PipeCoV is free to use for non-commercial users, under a GPLv3 License.
All the steps and commands used in the pipeline for Quality Assesment and Mapping, Assembly, Annotation, and Phylogenetic Assignment of lineages of the SARS-CoV-2 Genomes are encapsulated in images and Dockers containers. The user just needs to have Docker installed on his machine, without worrying about installing all the tools used in the pipelines.

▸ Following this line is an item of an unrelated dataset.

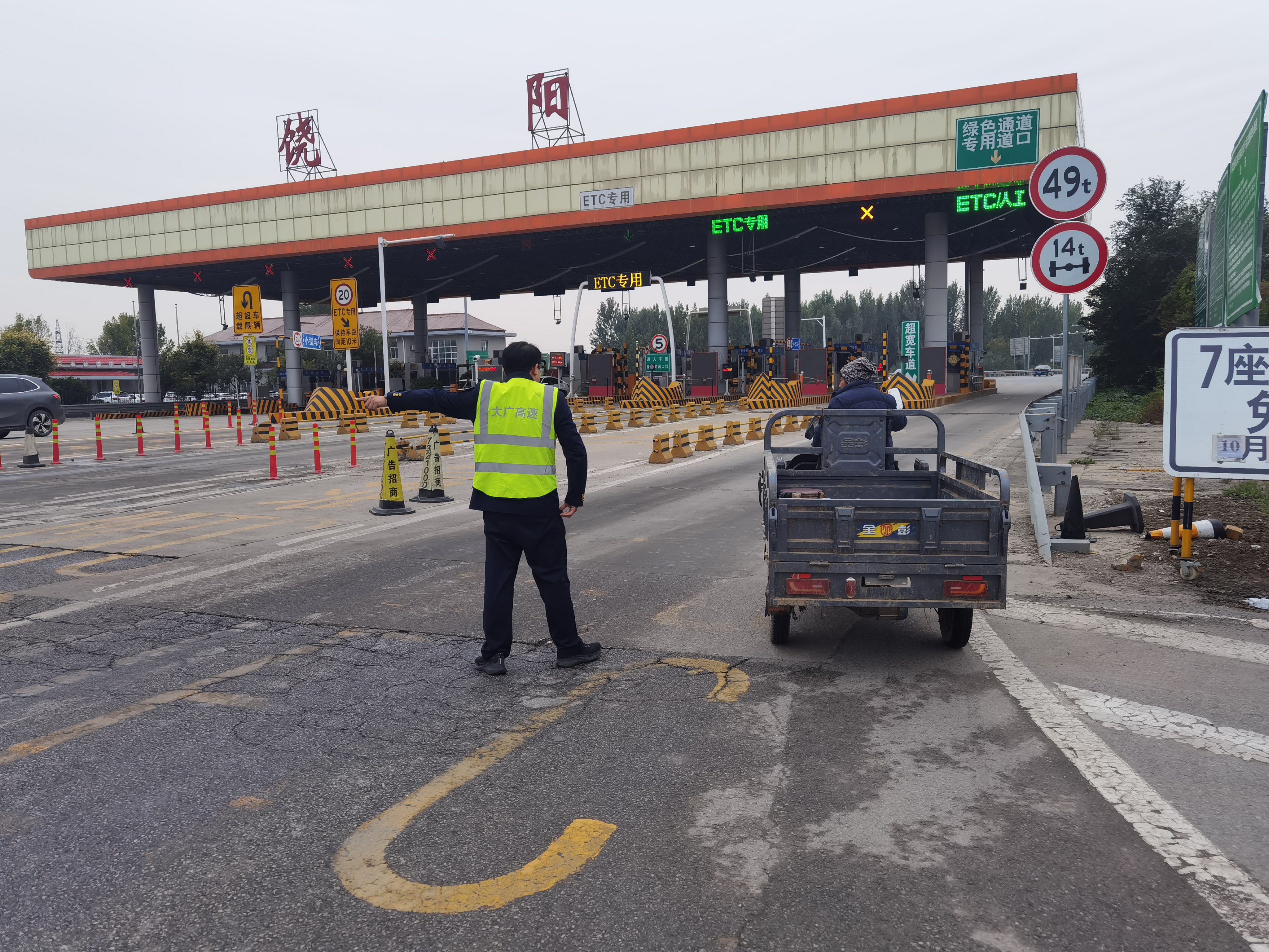 12月9日,饶阳站入口车流中,一辆电动三轮车试图驶入高速,被当班疏导人员及时发现并安全拦停,有效避免了一起潜在的安全隐患。

The docker images used in the pipeline can be found at (https://hub.docker.com/u/itvds)
PiPeCOV must be downloaded from this repo (https://github.com/alvesrco/covid19_itvds)
All Dockerfiles, and pipes repo are developped by the Covid19 Project Network @ ITVDS.
Samples in .fastq.gz format. They should be in the pattern: EC114_S15_R1_001.fastq.gz
: Quality Assesment :
$ ./qc_docker.sh -i illumina -1 SAMPLE_R1.fastq -2 SAMPLE_R2.fastq -a adapters.txt -q 20 -l 50 -o output_qc -t 24
Parameters
- i illumina [Sequencing platform]
- q 20 [Minimum PHRED quality for trimming and filtering. Default: 20]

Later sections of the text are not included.